D.    In connection with that planning process, the Company's Board of Directors
      has determined that it is in the best interests of the Company that the
      transition take place effective January 1, 2006 whereby the Executive Vice
      President would succeed to the Office of President and Chief Executive
      Officer on that date and that the Officer's retirement would take effect
      on that date.

E.    This Agreement is intended to reflect the terms related to the Officer's
      retirement other than those benefits which would otherwise be available to
      the Officer upon retirement.

F.    This Agreement will be subject to ratification by the Board of Directors.

      NOW, THEREFORE, in consideration of the premises and the mutual covenants
contained herein the parties agree as follows:

1.    The Officer will continue in his position as President and Chief Executive
      Officer until December 31, 2005 and will retire effective January 1, 2006.

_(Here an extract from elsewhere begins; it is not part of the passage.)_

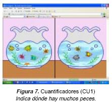 Con los Cuantificadores planteamos actividades en las que las propiedades de los objetos eran fácilmente perceptibles (CU1) y otras con propiedades no evidentes visualmente, aunque con objetos familiares para los alumnos, como juguetes, alimentos o animales (CU2). El comportamiento en ambos tipos de actividades fue semejante (63% y 61% de aciertos, respectivamente).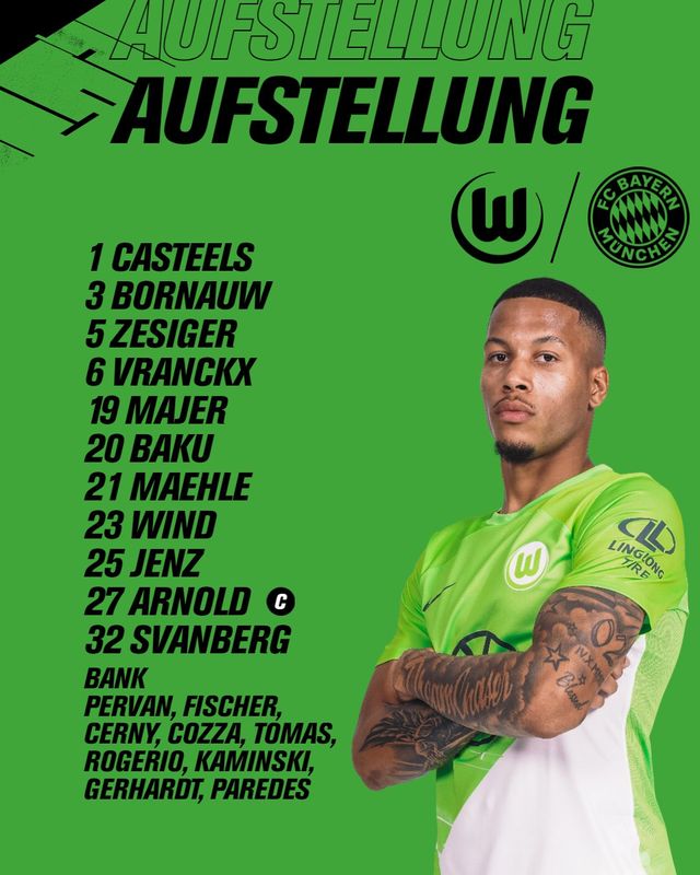홈 팀 볼프스부르크는 3-3-2-2 전형으로 나섰다. 쾬 카스틸스 골키퍼를 비롯해 세드릭 자시거, 모리츠 옌스, 세바스티안 보르노우가 백3를 구축했다. 아스터 브랑크스가 수비를 보호하고 윙백에 요아킴 멜레, 리들 바쿠가 나섰다. 2선 공격에 막시밀리안 아놀드, 마티아스 스반베리, 최전방에 로브로 마예르, 요나스 윈드가 출격했다.

2.    The Officer will remain a member of the Company's Board of Directors for
      the remainder of his term which is to run until the Company's Annual
      Meeting to be held in May, 2006. As of his retirement date, Officer shall
      be entitled to receive the same amount of Board Fees as are paid to other
      non-management Directors.


                                                   Agreement, Dennis G. Sullivan
                                                                     Page 2 of 4


3.    Upon retirement the Officer will resign from his positions as a member of
      the Boards of Directors of the Company's subsidiaries.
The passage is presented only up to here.